> **PROBLEM DETAILS**:
Leave out all pictures while you copy the lines exactly from the one with "Sitting Tibetan Lama, sculpture, ca." through the last line of the listing.

Segment Open

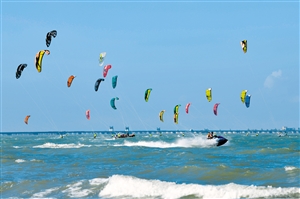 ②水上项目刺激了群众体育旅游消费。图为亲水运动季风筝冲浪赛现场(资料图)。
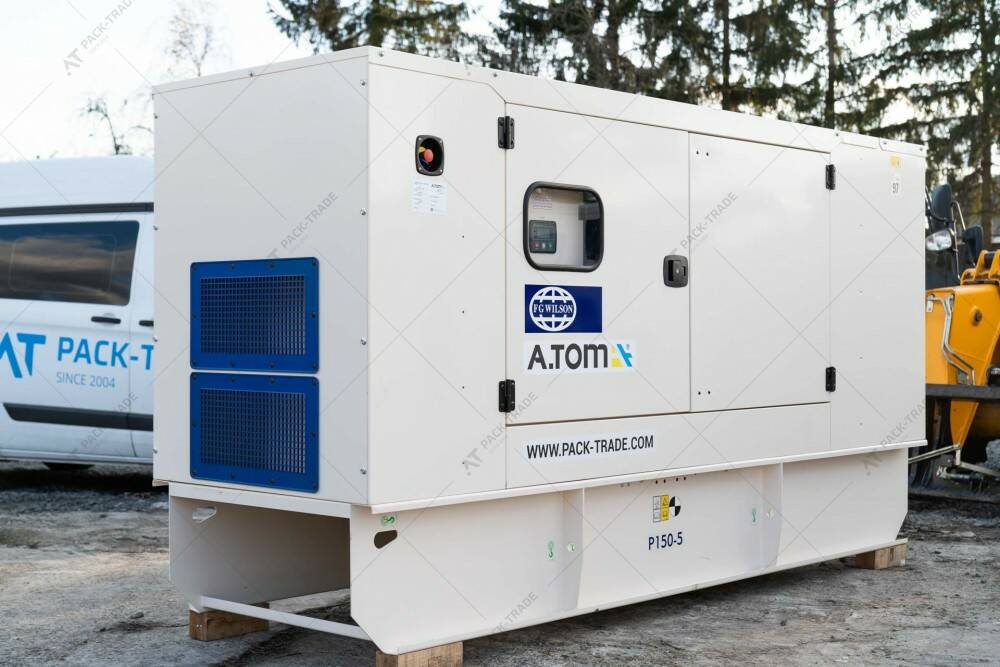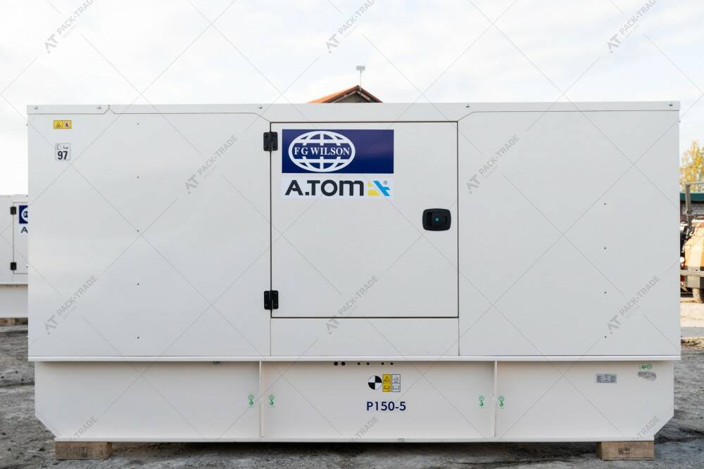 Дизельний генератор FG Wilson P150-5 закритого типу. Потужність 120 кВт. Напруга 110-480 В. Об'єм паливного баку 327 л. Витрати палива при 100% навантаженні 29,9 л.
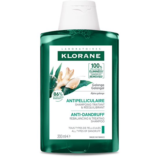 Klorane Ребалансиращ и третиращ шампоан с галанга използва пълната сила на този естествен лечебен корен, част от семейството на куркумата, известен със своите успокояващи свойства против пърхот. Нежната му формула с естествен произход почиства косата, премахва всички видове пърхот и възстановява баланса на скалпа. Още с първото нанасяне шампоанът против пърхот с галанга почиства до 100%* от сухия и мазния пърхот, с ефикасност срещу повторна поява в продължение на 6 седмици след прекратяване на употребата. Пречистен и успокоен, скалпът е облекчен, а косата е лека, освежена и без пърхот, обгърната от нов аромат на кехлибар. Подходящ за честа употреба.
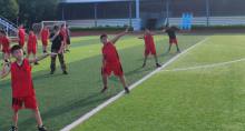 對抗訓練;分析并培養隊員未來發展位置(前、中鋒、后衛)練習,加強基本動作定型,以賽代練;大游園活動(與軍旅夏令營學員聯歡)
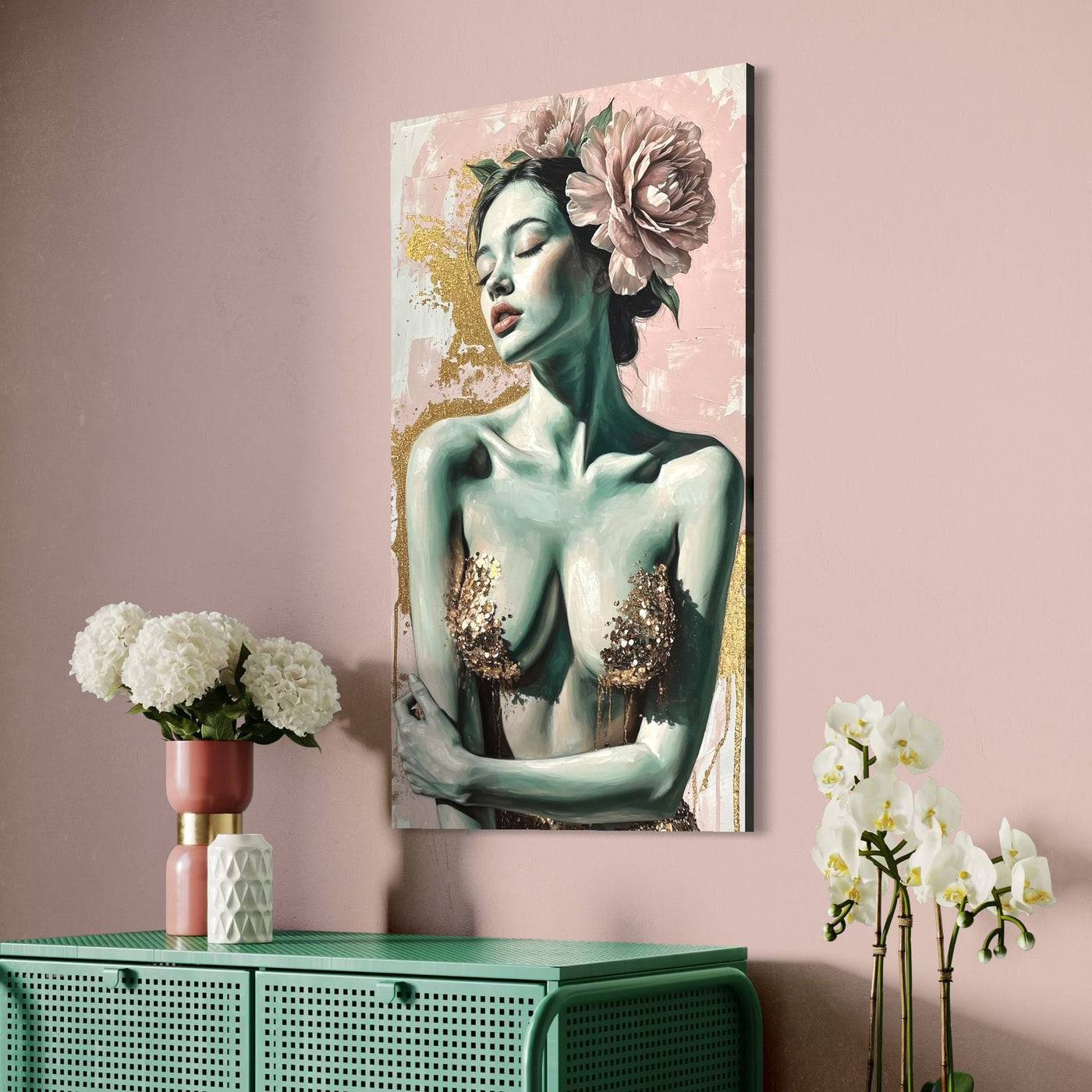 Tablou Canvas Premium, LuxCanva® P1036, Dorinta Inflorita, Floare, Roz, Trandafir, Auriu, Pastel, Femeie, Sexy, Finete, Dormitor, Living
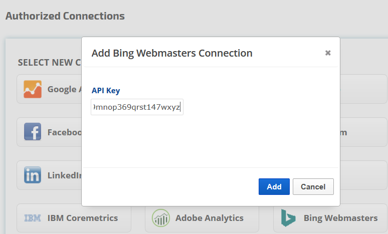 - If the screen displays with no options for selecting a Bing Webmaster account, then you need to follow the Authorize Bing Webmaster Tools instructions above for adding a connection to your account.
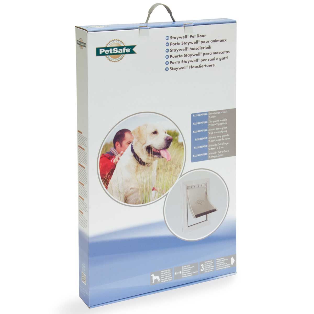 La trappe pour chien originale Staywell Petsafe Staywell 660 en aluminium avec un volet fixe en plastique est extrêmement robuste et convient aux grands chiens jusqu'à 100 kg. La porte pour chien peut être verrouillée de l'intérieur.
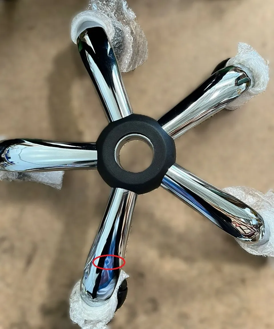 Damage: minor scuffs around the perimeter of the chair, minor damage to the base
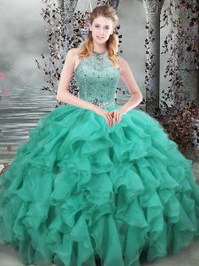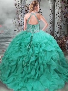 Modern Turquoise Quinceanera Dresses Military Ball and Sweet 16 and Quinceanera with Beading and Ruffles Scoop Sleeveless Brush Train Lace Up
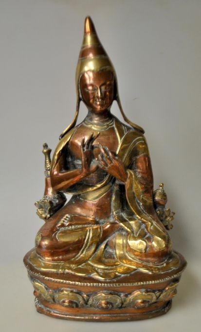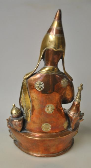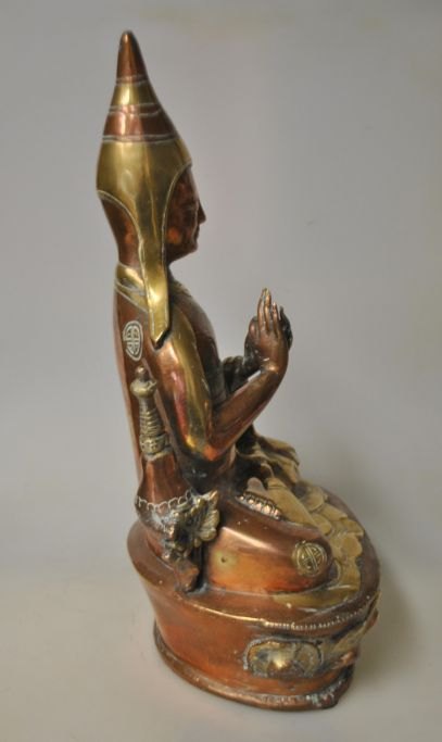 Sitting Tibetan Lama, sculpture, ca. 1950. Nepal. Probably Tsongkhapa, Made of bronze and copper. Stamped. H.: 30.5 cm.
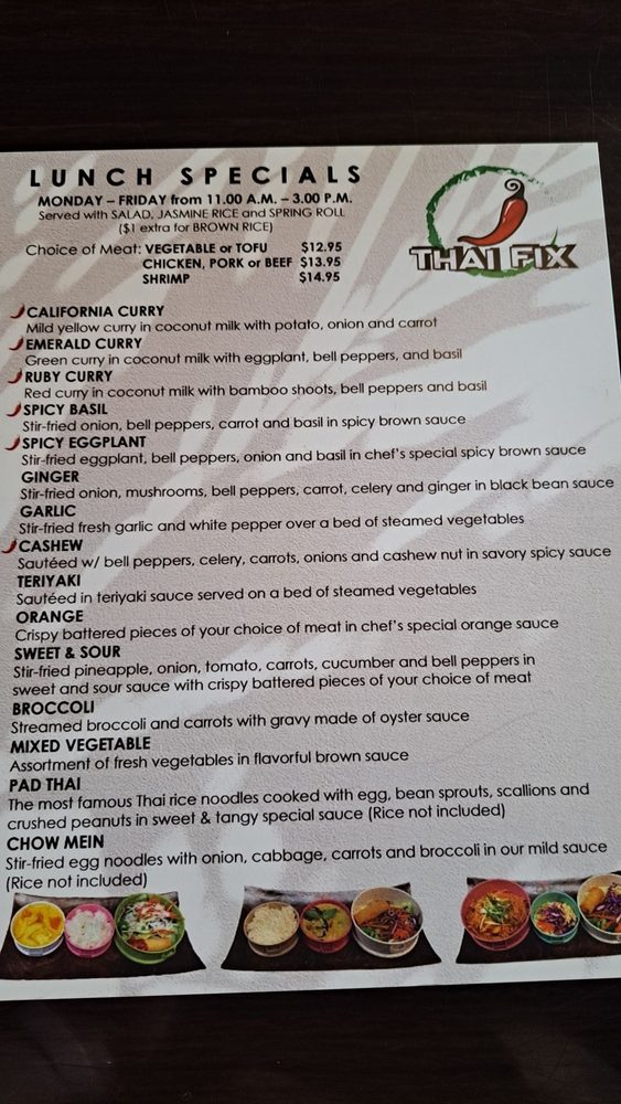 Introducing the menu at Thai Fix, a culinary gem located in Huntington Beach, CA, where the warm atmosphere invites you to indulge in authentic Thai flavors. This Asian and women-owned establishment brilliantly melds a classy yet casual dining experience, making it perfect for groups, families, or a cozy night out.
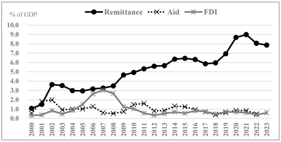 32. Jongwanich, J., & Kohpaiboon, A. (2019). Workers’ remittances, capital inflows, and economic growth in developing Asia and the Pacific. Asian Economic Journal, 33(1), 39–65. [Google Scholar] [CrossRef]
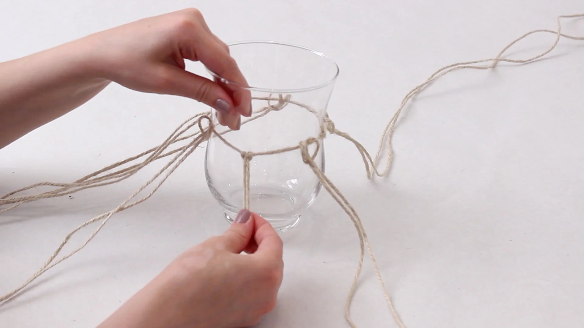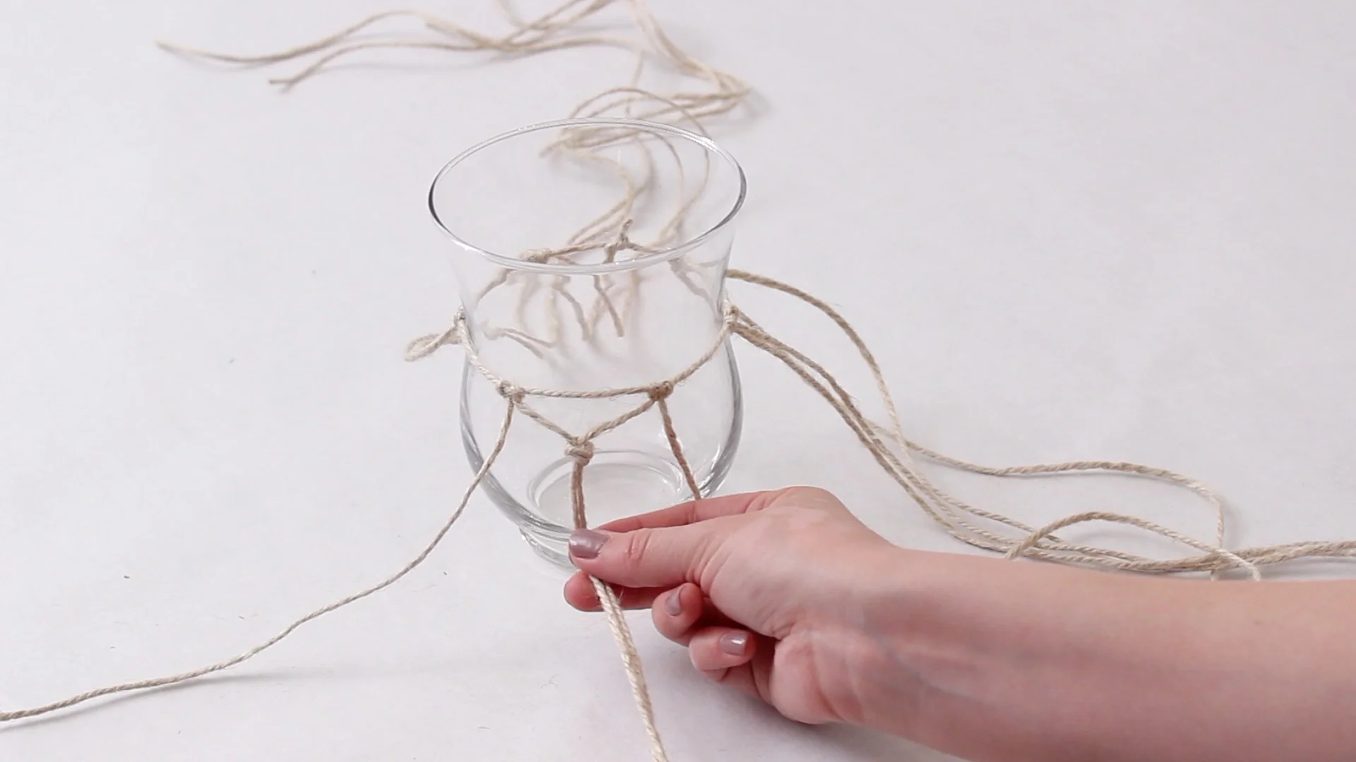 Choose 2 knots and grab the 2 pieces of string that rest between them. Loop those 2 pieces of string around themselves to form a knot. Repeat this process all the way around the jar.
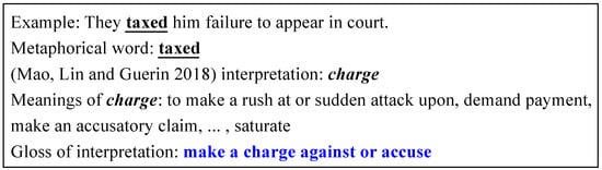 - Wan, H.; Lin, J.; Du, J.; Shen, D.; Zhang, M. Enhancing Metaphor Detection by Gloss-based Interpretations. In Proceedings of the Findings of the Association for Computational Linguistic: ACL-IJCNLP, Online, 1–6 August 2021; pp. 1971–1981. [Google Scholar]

Segment Closed

> **ANSWER TO THIS PROBLEM**:
 Sitting Tibetan Lama, sculpture, ca. 1950. Nepal. Probably Tsongkhapa, Made of bronze and copper. Stamped. H.: 30.5 cm.
 Introducing the menu at Thai Fix, a culinary gem located in Huntington Beach, CA, where the warm atmosphere invites you to indulge in authentic Thai flavors. This Asian and women-owned establishment brilliantly melds a classy yet casual dining experience, making it perfect for groups, families, or a cozy night out.
 32. Jongwanich, J., & Kohpaiboon, A. (2019). Workers’ remittances, capital inflows, and economic growth in developing Asia and the Pacific. Asian Economic Journal, 33(1), 39–65. [Google Scholar] [CrossRef]
 Choose 2 knots and grab the 2 pieces of string that rest between them. Loop those 2 pieces of string around themselves to form a knot. Repeat this process all the way around the jar.
 - Wan, H.; Lin, J.; Du, J.; Shen, D.; Zhang, M. Enhancing Metaphor Detection by Gloss-based Interpretations. In Proceedings of the Findings of the Association for Computational Linguistic: ACL-IJCNLP, Online, 1–6 August 2021; pp. 1971–1981. [Google Scholar]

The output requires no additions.